В пылу волнения и счастья графиня Лиля уже называла Порфирия Афиногеновича просто Порфирием, и ни она сама, ни Порфирий этого не замечали. Порфирий скромно улыбался.

– Полноте, графиня, – говорил он, – войны еще нет. Вот папа говорит – и не будет. Сербам прикажут сидеть смирно. Черняеву ехать обратно…

– А, да ну вас! – замахнулась графиня перчаткой на Порфирия. – Ваш папа!.. Подумаешь – такой подъем!.. Несокрушимый… Константинополь!.. Трогай, Петр, до скорого, Порфирий, я еду к вам, все рассказать, как было, Афиногену Ильичу. Я думаю, и он поехал бы!..

Карета, скрипя колесами по снегу, покатилась по Знаменской.

XII

Вера узнала от Суханова, что на 6 декабря назначена сходка студентов на площади Казанского собора. Студенты от лица народа будут протестовать против войны и заявят свои требования правительству.

– Это начало, – сказал Суханов, – так всегда! Начинает учащаяся молодежь.

Вера пошла на сходку.

Был легкий мороз и тихо; приятная была погода, мягкая и спокойная. Сквозь туманную пелену проглядывало бледное солнце, Адмиралтейский шпиль тусклым золотом отсвечивал на нем. На Невском было как всегда в праздничный день. По углам топтались газетчики и посыльные в красных кепи с медными бляхами. Извозчики трусили мерною рысцою, везли седоков, накрытых синими суконными полостями с опушкой козьего меха. По Невскому мчались конки, взлетая на Аничков мост, и мальчишка скакал верхом впереди на пристяжной.

Черные клодтовские статуи были как кисеей накинуты – покрыты белым инеем. Шли юнкера в фуражках, пажи в касках с султанами, бойко отдавали честь, становились во фронт генералам.

Когда Вера подходила к Казанскому собору, навстречу ей быстрою рысью, пригнувшись к луке, промчался казак в кивере. Лошадь пощелкивала подковами по мостовой.

На площади, у высоких колоннад Казанского собора и у памятников Барклаю-де-Толли[25] и Кутузову, были небольшие группы студентов в черных картузах, в пледах, накинутых на плечи; между ними были девушки, одетые под пажей, стриженые, в очках. Курсистки…

Вера вспомнила, как говорил Порфирий: «Не можем без формы. Пустили женщин на Высшие медицинские курсы – формы им не определили, так они сами себе форму придумали: остригли волосы, очки на нос нацепили – такие красавицы, – этакие дуры!.. Стадное чувство. Нигилистки!»
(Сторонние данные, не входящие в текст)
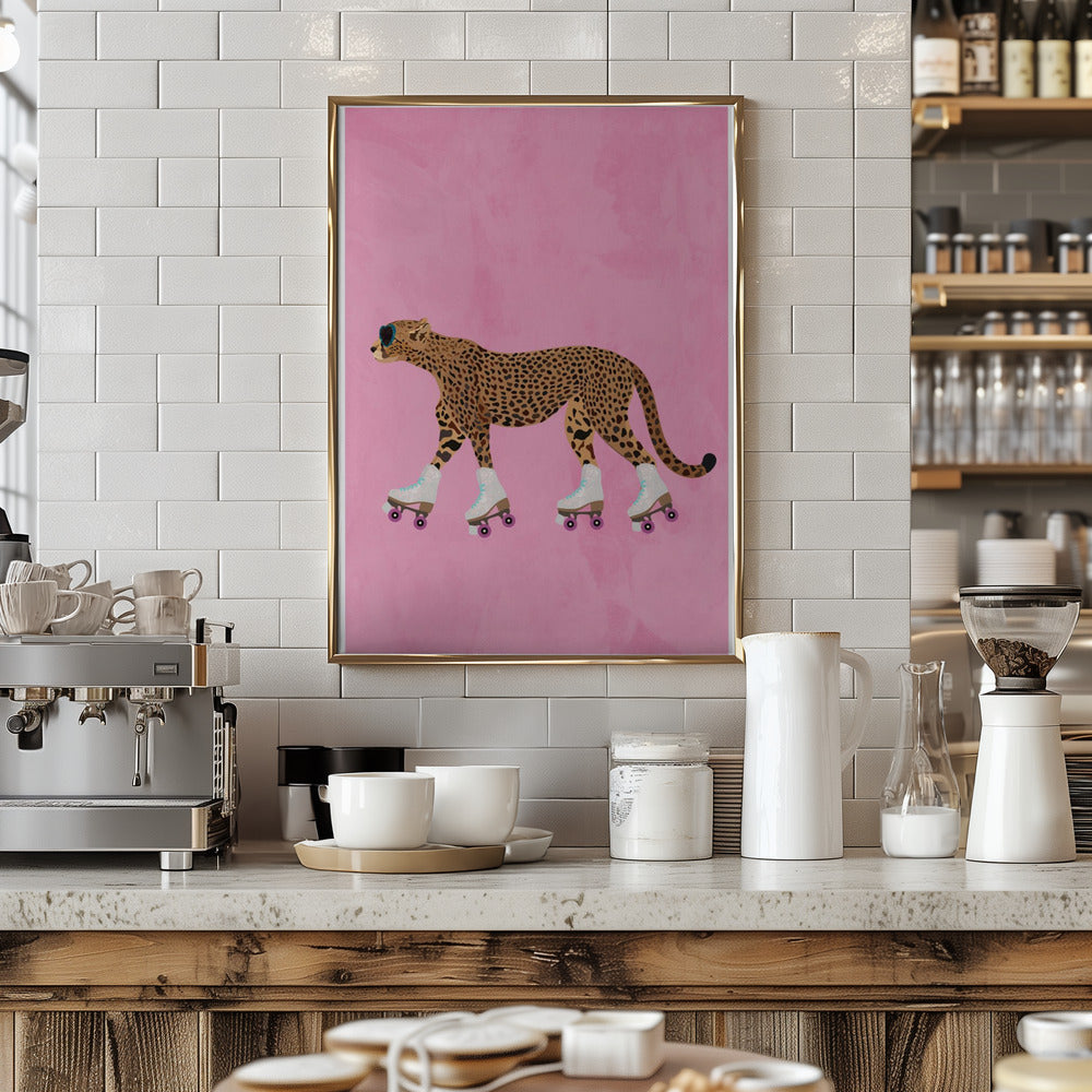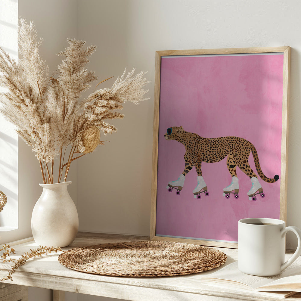Explore our many print options for Cheetah rollerskating by artist Sarah Manovski.
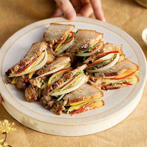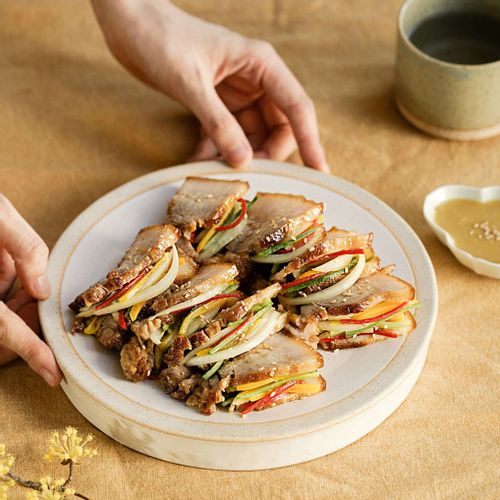 🥢🫑“눈까지 즐거운 알록달록 비주얼 보쌈” 두툼한 고기에 겨자 소스를 버무린 아삭한 채소를 올려 한 입에 쏘옥 먹는 보쌈! 파프리카의 색감이 입맛을 더욱 살려줘요. 간장 소스에 조린 수육과 새콤달콤 톡 쏘는 겨자 소스에 버무린 채소를 곁들이면 환상의 궁합을 느낄 수 있어요!

Этих нигилисток теперь Вера видела близко. Но неужели это и была сходка?

Рыжеусый городовой в каске и наушниках, так друг к другу не подходивших, добродушно, честью просил молодежь разойтись и не препятствовать движению.

Из маленьких толп слышались презрительные крики: «Фараон!» Студенты со смехом разбегались. Площадь была велика, полиции мало. Студенты разбегутся и снова накопятся уже большею группою, теснее, в другом конце площади. Точно молодежь играла в какую-то игру с полицией, издевалась над нею.

Вера остановилась у Екатерининского канала и смотрела на эту игру. Она думала: «Ну кому они мешают?.. Почему им не позволят собраться и поговорить так, как они хотят?..»

Но становилось холодно и скучно. Вера стала считать людей по кучкам. Тут двадцать один, там тридцать два… Всего насчитала она около трехсот человек. Подумала: сто пятьдесят миллионов русского народа и триста студентов!.. Вера пыталась сопоставить эти цифры, но это ей не удавалось, слишком были они несоизмеримы.

Вдруг каким-то ловким маневром молодежь обманула бдительность полиции и вся собралась в углу площади, у колоннады, отделявшей Казанскую улицу.

Вера поспешила туда.

На портике собора стоял кто-то в черном, в длинном пледе, свисавшем до самых ног, и возбужденно, размахивая руками, кричал молодым, резким голосом в толпу. Вдруг раздалось нестройное, несмелое пение, над толпою, в самой ее гуще развернулось поднятое на палке широкое кумачовое полотнище. На нем черными буквами было написано: «Земля и воля».